Egg oiling was carried out by staff from the US Department of Agriculture/Wildlife Services, the Federal agency with responsibility for managing conflicts with wildlife (US Department of Agriculture/Animal and Plant Health Inspection Service, US Department of Agriculture/Forest Service and Department of Interior/Bureau of Land Management 1997). Limiting oiling to a maximum of 80% of nests (instead of more) was selected to avoid colony abandonment, which could happen if too few nests were left viable (Duerr et al. 2007). To facilitate application of oil early in incubation, nesting chronology was observed and incubation stage estimated by egg floatation as described by Nol and Blokpoel (1983). The numbers of gull nests in the colonies were estimated based on the largest number of nests observed during a single oiling treatment (which may have spanned several days to treat the entire colony). The oiling treatment process consisted of staff walking transects through a colony with backpack sprayers to apply food grade corn oil to all eggs in each selected nest. The pressurized backpacks held up to 15.14 L of corn oil, which was applied using a hand-held spray wand equipped with a tip that produced a fan pattern. Sprayers were pressurized and delivered oil at rates between 3 and 6 mL/s and sprayer tips were held 15–20 cm above each egg and applied approximately 3 mL of corn oil/egg. All eggs in the nest were treated at the same time with follow-up treatments rendering eggs in newly completed clutches inviable.

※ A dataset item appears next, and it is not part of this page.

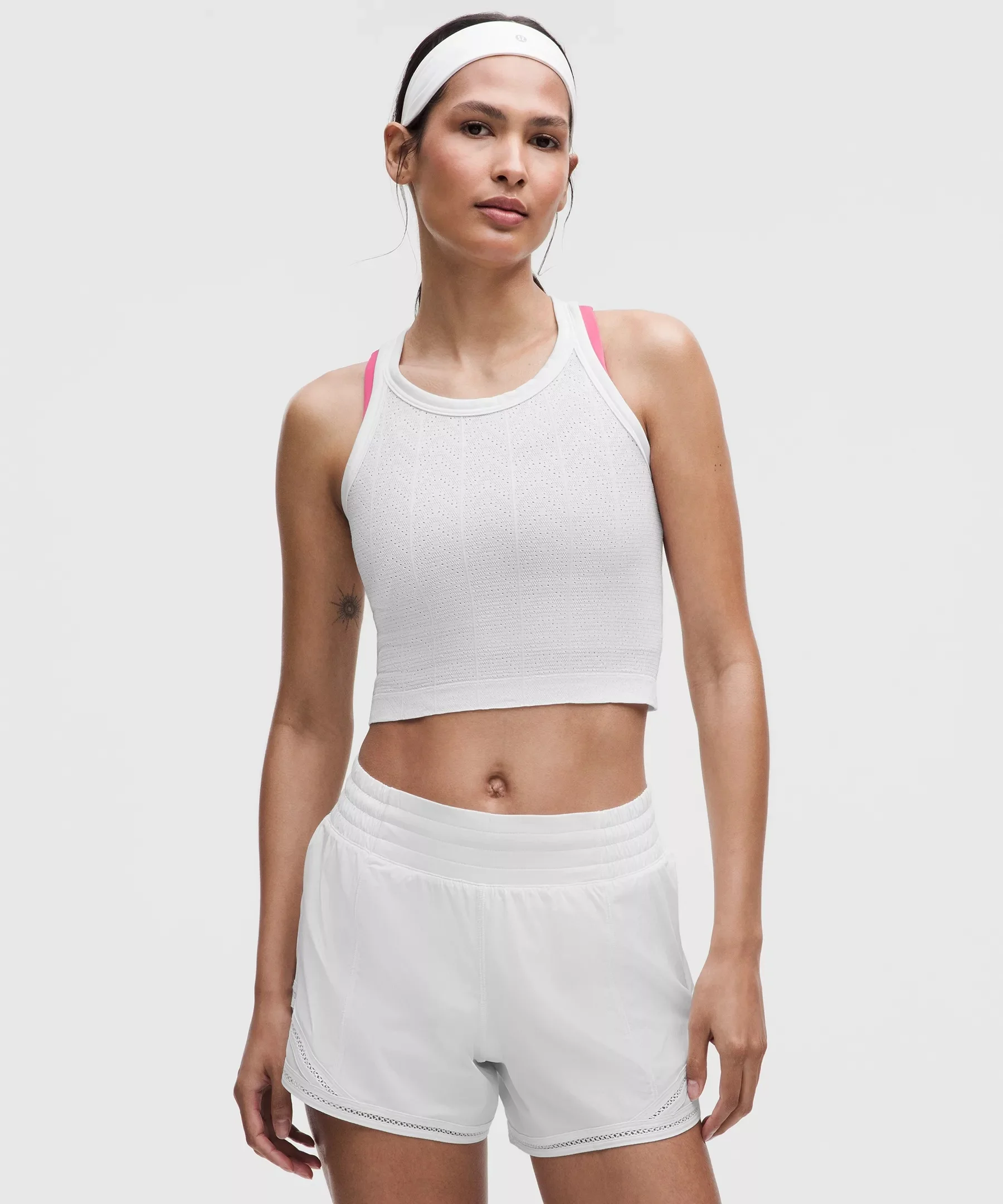 Designed for Running and Training Skip-the-Chafe, Flat-Seam Construction - Seams are flat to reduce chafe - Lightweight - Mesh construction for breathability Slim Fit, Cropped Length - Skims your body - Cut above the waist—perfect with high-rise pants Product Features - Silverescent™ technology, powered by X-STATIC®, inhibits the growth of odour-causing bacteria on the garment Material and care Materials All: 66% Nylon31% Recycled Polyester3% X-Static Nylon Care Machine Wash Cold - Do Not Bleach - Tumble Dry Low - Do Not Iron - Do Not Dry Clean - Contains biocidal silver nitrate (nano) Inhibits odour-causing bacteria, Wash With Like Colors

When the approximate target percent of the nests were oiled, staff flagged and counted the remaining untreated nests to obtain an actual total count. In 2007, access was allowed to only approximately half of the Lake Calumet gull colony to avoid adversely affecting a black-crowned night-heron (Nycticorax nycticorax) rookery. Therefore, the total colony size was estimated according to Rader et al. (2008). In 2008, black-crowned night herons were not observed nesting at the Lake Calumet colony, but herons returned in 2009, limiting where nests could be oiled. Following recommendations by the Illinois Department of Natural Resources, gull nests were not oiled within a 23 m buffer of heron nesting. Gull nests within the heron nesting location and buffer zone were quickly counted one time to obtain the total nest count for the Lake Calumet colony.

Gull Count Surveys

Systematic gull count surveys monitored gull usage at Chicago beaches during swim seasons of the three study years. The start of swim season for Chicago’s beaches is defined by the Chicago Park District (CPD), typically starting the Friday before the Memorial Day holiday (the last Monday in May). Because we were focused on reducing production of young gulls, we began surveys when HY gulls would begin arriving at the beaches after they fledged. Thus, survey data useful for evaluating the efficacy of the egg oiling program began in Week 5 of the swim season and continued through Week 10. Very few, if any, HY gulls were expected in Week 5, but we wanted to insure we observed HY gulls as they began arriving at the beaches. Surveys of gull numbers on the beaches were conducted during the 3 years when egg oiling was applied (2007, 2008, and 2009). No baseline surveys were funded or conducted in years prior to initiating management actions to reduce gull production. Therefore, our data examined trends within 3 years of oiling, with the first year targeting 50% of nests for oiling and increasing to 80% in the two subsequent years.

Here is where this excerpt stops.